As researcher danah boyd argues, we are living through a crisis of epistemology—a disagreement about how we know whether something is true. In the digital age, DYOR often involves navigating an information landscape strategically polluted by media manipulation. Boyd warns that simplistic approaches to critical thinking—teaching people to doubt without providing robust frameworks for understanding—can backfire, making individuals more vulnerable to conspiratorial thinking.
The DYOR movement seems great at surfacing flaws in existing practice. It’s less good at producing calibrated criticism and synthesis, and it doesn’t offer a scalable mechanism for reliable scientific self-correction. It often leads individuals into alternative epistemic communities that lack rigorous validation processes.
The challenge for the scientific community is not to demand blind trust, but to earn it by reforming the internal mechanisms of validation and communication, making the enterprise demonstrably rigorous, transparent, and accountable.
2 The Machinery of Validation
The primary mechanism for validating scientific claims today is peer review, organized by academic journals and funding bodies.
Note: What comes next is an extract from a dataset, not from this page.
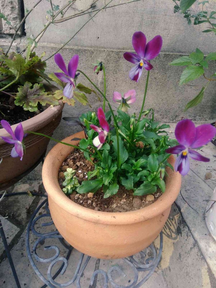 狭いスペースでお花づくりを楽しんでいます ネコとビオラとゼラニウムが私の活力剤です

2.1 The Evolution and Limits of Peer Review
It is often assumed that peer review is a timeless feature of the scientific process, but its current dominance is a relatively recent invention.
Baldwin (2018) notes:
Throughout the nineteenth century and into much of the twentieth, external referee reports were considered an optional part of journal editing or grant making. The idea that refereeing is a requirement for scientific legitimacy seems to have arisen first in the Cold War United States. In the 1970s, in the wake of a series of attacks on scientific funding, American scientists faced a dilemma: there was increasing pressure for science to be accountable to those who funded it, but scientists wanted to ensure their continuing influence over funding decisions. Scientists and their supporters cast expert refereeing—or “peer review,” as it was increasingly called—as the crucial process that ensured the credibility of science as a whole.
This history suggests peer review evolved as much to maintain professional autonomy as to ensure empirical rigour. Today its effectiveness is hotly debated: critics say it’s slow, biased, and often fails to detect errors. Adam Mastroianni argues in The rise and fall of peer review that the system often fails to deliver on its promises.
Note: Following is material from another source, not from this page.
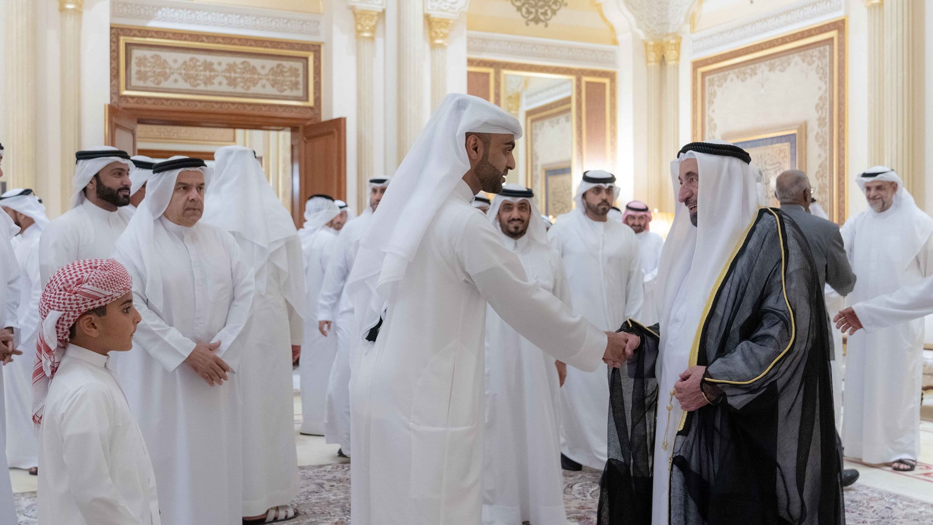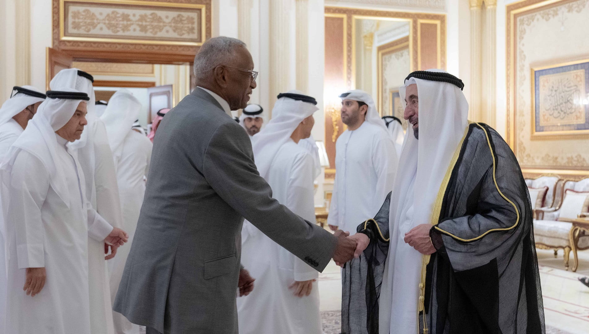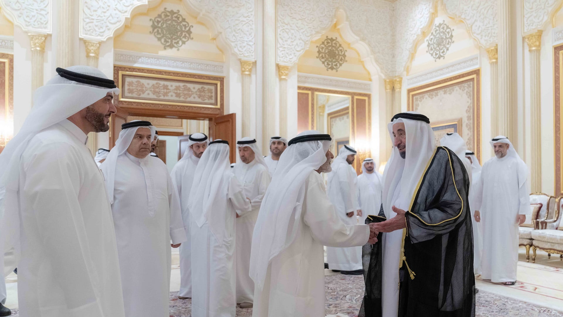 حضر الاستقبال بجانب صاحب السمو حاكم الشارقة كل من: الشيخ عبد الله بن محمد آل ثاني المستشار بمكتب سمو الحاكم، والشيخ عصام بن صقر القاسمي المستشار بمكتب سمو الحاكم، والشيخ محمد بن سعود القاسمي رئيس دائرة المالية المركزية، والشيخ خالد بن عبد الله القاسمي رئيس هيئة الشارقة للموانئ والجمارك والمناطق الحرة، والشيخ خالد بن عصام القاسمي رئيس دائرة الطيران المدني، والشيخ محمد بن حميد القاسمي رئيس دائرة الإحصاء والتنمية المجتمعية، والشيخ ماجد بن سلطان القاسمي رئيس دائرة شؤون الضواحي، والشيخ صقر بن محمد القاسمي رئيس مجلس إدارة جمعية الشارقة الخيرية، والشيخ خالد بن صقر القاسمي رئيس هيئة الوقاية والسلامة، والشيخ محمد بن صقر القاسمي رئيس هيئة تطوير معايير العمل.

For a deeper dive, see peer review.
- Related question: How do we discover research to send for peer review?
2.2 Gatekeeping and Institutional Culture
The validation process inherently involves gatekeeping. Institutions decide who can participate and which standards must be met. That helps explain why we’re perennially dissatisfied with academic culture.
Thomas Basbøll observes the tension between innovation and tradition:
It is commonplace today to talk about “knowledge production” and the university as a site of innovation. But the institution was never designed to “produce” something nor even to be especially innovative. Its function was to conserve what we know. It just happens to be in the nature of knowledge that it cannot be conserved if it does not grow.
This conservatism can make the validation process hostile to radically new ideas. (See Andrew Marzoni, Academia is a cult).
Friction in the traditional system leads some researchers to bypass that system entirely. Stephen Wolfram’s recent approach provides a telling example, as detailed by Adam Becker (Wolfram’s latest positioning):
So why did Wolfram announce his ideas this way? Why not go the traditional route? “I don’t really believe in anonymous peer review,” he says. “I think it’s corrupt. It’s all a giant story of somewhat corrupt gaming, I would say. I think it’s sort of inevitable that happens with these very large systems. It’s a pity”.
2.3 Grants (TODO)
How does the funding mechanism shape what gets validated? Does the grant review process prioritize novelty over rigour?
3 Systemic Failures: The Replication Crisis
The replication crisis is the clearest sign that the validation machinery is broken. If peer review and statistical significance testing were working correctly, we’d expect most published findings to be robust. That hasn’t been the case.
Oliver Traldi reviews Stuart Ritchie’s book, Science Fictions, which outlines the crisis, particularly in social psychology:
Serious though this is, there is also something more specifically pernicious about the replication crisis in psychology. We saw that the bias in psychological research is in favour of publishing exciting results. An exciting result in psychology is one that tells us that something has a large effect on people’s behaviour. […] Think of the studies I mentioned above: a mess makes people more prejudiced; a random assignment of roles makes people sadistic; a list of words makes people walk at a different speed; a strange pose makes people more confident. And so on.
This crisis has structural causes: statistical malpractice and misaligned incentives.
See also: Sanjay Srivastava, Everything is fucked, the syllabus.
3.1 Publication Bias and the File Drawer
Journals prioritize novel, statistically significant findings. This creates a “publication sieve”.
Null results, or studies that fail to find an effect, are often relegated to the “file drawer”—they’re never published.
This leads to a distorted view of reality in the published literature. If 20 researchers each test a hypothesis, and only the one who (by chance) achieves \(P\leq 0.05\) publishes their result, the literature will suggest a strong effect where none exists. This is essentially multiple testing across an entire scientific field.
3.2 P-Hacking and Researcher Degrees of Freedom
For individual researchers, the pressure to publish significant results incentivizes “researcher degrees of freedom”—the many choices researchers make during data analysis that can be exploited (consciously or unconsciously) to push a result below the significance threshold. This is often called P-hacking.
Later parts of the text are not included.